Reducing Income Inequality To Help "100%"

Posted by Caitlin Endyke

It's been almost exactly one year and one month since the start of the Occupy Wall Street movement and the moment when the term "income inequality" entered the national lexicon.  The time between then and now allowed academics across the country to begin to study how the extreme conditions of income inequality in this country affect us now and in the future. In the past week The New York Times has published two articles related to this idea.  

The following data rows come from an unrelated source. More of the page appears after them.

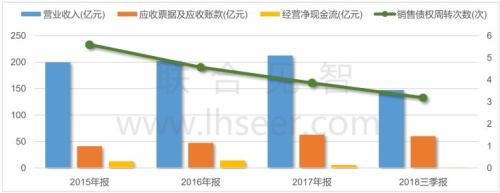 2017年胜通集团在收入微增5.22%至212.59亿元的情况下,期末应收票据及应收账款合计增长32.32%至62.68亿元,年内经营性现金流同比下降59.83%至5.65亿元。其中前五大客户中山东恒丰橡塑有限公司已于2018年5月22日被列为失信被执行人,中国化工橡胶桂林轮胎有限公司已于2018年9月3日被银行申请诉前财产保全。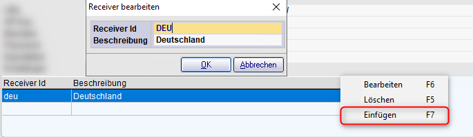 Nachdem Sie Ihre Daten eingetragen haben, führen Sie einen Rechtsklick in das Feld ‚Receiver‘ aus und klicken anschließend auf Einfügen oder alternativ auf F7 (Einfügen).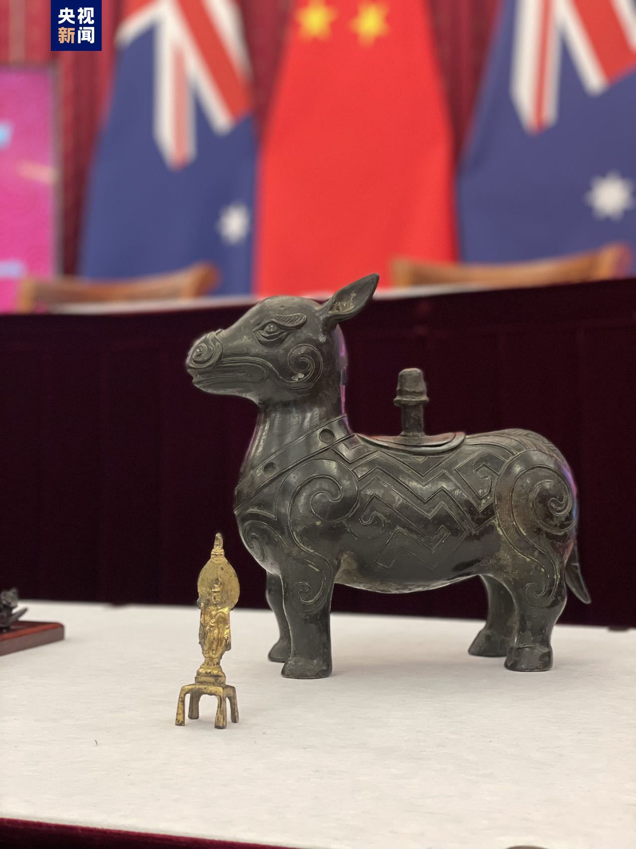 本次歸還的文物包括潛龍化石、鎏金觀音銅像和彩繪陶制人物騎馬俑。經(jīng)初步鑒定,潛龍化石屬于晚侏羅世到早白堊世的恐龍化石,而觀音銅像和騎馬俑的歷史可追溯到唐代甚至北朝,具有珍貴的歷史文化價(jià)值。同時(shí),澳大利亞國家美術(shù)館還另外向中國政府捐贈(zèng)了一件牛形的盛酒禮器——“犧尊”。我國文物專家通過對(duì)文物基本信息和圖片的判斷,鑒定這件“犧尊”用途為酒器,是明清或近代的仿古文物藝術(shù)品。

The first (and, for this history major, most enlightening) article details some historical examples of other societies who have enacted policies that promote socioeconomic inequality.  The author asserts that the United States has instituted it's own example of medieval Venice's "Libro d'Oro", or "book of gold", which officially instituted a way of ensuring that only those born into the ruling class would continue to hold that power.  Beyond the ubiquitous tax code, the article notes other socially-implemented policies in this country that affect a person's ability to move up the socioeconomic ladder.  Things like legacy admissions at top universities, poor public school performance, and moves to de-unionize certain labor sectors have all contributed to the fact that those in the lower, working, and middle class find it harder and harder to move up.  While the United States once demonstrated one of the highest rates of economic mobility, now several studies are reporting that it is harder in the US to move from the social class of your birth than it is in most European countries.  It appears that those who have gained success seek to prevent anyone else from following in their footsteps.  As the article notes, "Elites that have prospered from inclusive systems can be tempted to pull up the ladder they climbed to the top". 

But, as the other article points out, this era of income inequality is unsustainable.   This piece discusses the results of a recent economic study by the IMF that shows that reducing income inequality and promoting economic growth might be "two sides of the same coin".  Conversely, if the US doesn't enact any specific policies to reduce the rate of income inequality, economic growth for the nation as a whole will come to a standstill.  This will obviously mostly effect those of us not in that 1%- as we continue to struggle to find work and pay the bills.  But, while the economic elites will continue to hold the majority of the wealth, they will also languish in a failing economy and so will their business interests. Perhaps we will be more successful if we re-frame the argument. Because, apparently, reducing income equality won't just help the 99%, it will help us all.